Without knowledge and vision of reality, the practice is difficult. After having this clear perception, the practice is the only possible thing to do. Everything else is only a side-issue and a distraction. From the knowledge-and-vision arises disenchantment with what the world has to offer. All the glitter that seems to be gold turns out to be fool’s gold, which cannot satisfy. It gives us pleasure for one moment and displeasure the next and has to be searched for again and again. The world of the senses has fooled us so often that we’re still enmeshed in it and still experiencing dukkha, unless the true vision arises.

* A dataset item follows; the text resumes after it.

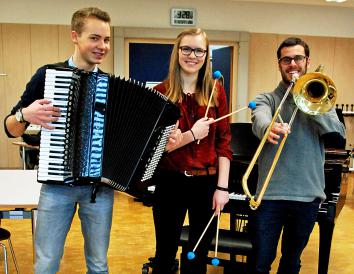 “Europas Musiktalente” im Kammerkonzert am Sonntag in der Musikschule Iserlohn „Europas Musiktalente“ - so lautet der Titel des 3. Iserlohner Kammerkonzertes, das am kommenden Sonntag, 12. März, um 11 Uhr im Konzertsaal der Musikschule Iserlohn, Gartenstraße 39, beginnt. Im Rahmen der Konzert-Tournee „Give music a future – Discover Music Tour“ treten drei junge Künstler auf, die höchste Auszeichnungen bei europäischen Jugendmusikwettbewerben erhielten: der westfälische Akkordeonist Julius Schepansky, mehrfach prämiert beim Bundeswettbewerb „Jugend musiziert“, sowie Juan Sanjuan Más, Posaunist aus Spanien und die Perkussionistin Béatrice Picard aus Luxemburg, beide Preisträger nationaler Jugendmusikwettbewerbe und ebenfalls vom Europäischen Dachverband der Jugendmusikwettbewerbe EMCY für die Konzerttournee ausgewählt. Für die ungewöhnliche Kombination der Instrumente – darunter auch Vibraphon und Marimbaphon) – haben die drei Musiker ein Programm zusammengestellt, das bekannte Werke von Johann Sebastian Bach (Goldberg-Variationen), Claude Debussy, Jacques Ibert und anderen Komponisten in Arrangements und Improvisationen vorstellt. Eine Improvisation für Posaune solo und „True Colours“ für Marimbaphon runden das Programm ab, das mit einer Trio-Improvisation über Debussys Klangzauber „Das Meer“ endet. Eintrittskarten für das etwa einstündige Konzert (10 Euro / ermäßigt 5 Euro) gibt es nur an der Tageskasse. Noch vor ihrer Abreise aus Iserlohn werden die jungen Talente am folgenden Morgen ein education Konzert in der Südschule geben, um dort Iserlohner Grundschüler in gemeinsame Musik- und Bewegungsaktionen einzubeziehen. Das Programm und das education Projekt „Discover Music“ werden vom Deutschen Musikrat und CREATIVE EUROPE, dem Kulturprogramm der EU, gefördert. |

There’s a poster available in Australia which reads: “Life, be in it.” Wouldn’t it be better if it said, “Life, be out of it?” Life and existence is bound up with the constant renewal of our sense contacts, seeing, hearing, tasting, touching, smelling and thinking. Only when we have clear perception, will disenchantment set in and then the most wonderful sense contact will no longer entice us to react. It just exists, but doesn’t touch our heart. Mara, the tempter, has lost his grip and has been shown the door. He’s waiting at the doorstep to slip in again, at the first possible opportunity, but he isn’t so comfortably ensconced inside any more.
This brings a great deal of security and satisfaction to the heart. One won’t be swayed to leave this path of practice. When Mara is still calling, there’s no peace in the heart. One can’t be at ease and satisfied, because there’s always something new to tempt us. With knowledge-and-vision-of-things-as-they-really-are and subsequent disenchantment, we realize that the Buddha’s path leads us to tranquillity, peace and the end of dukkha.
Dukkha is really our staunchest friend, our most faithful supporter. We’ll never find another friend or helpmate like it, if it is seen in the right way, without resistance or rejection. When we use dukkha as our incentive for practice, gratitude and appreciation for it will arise. This takes the sting out of our pain and transforms it into our most valuable experience.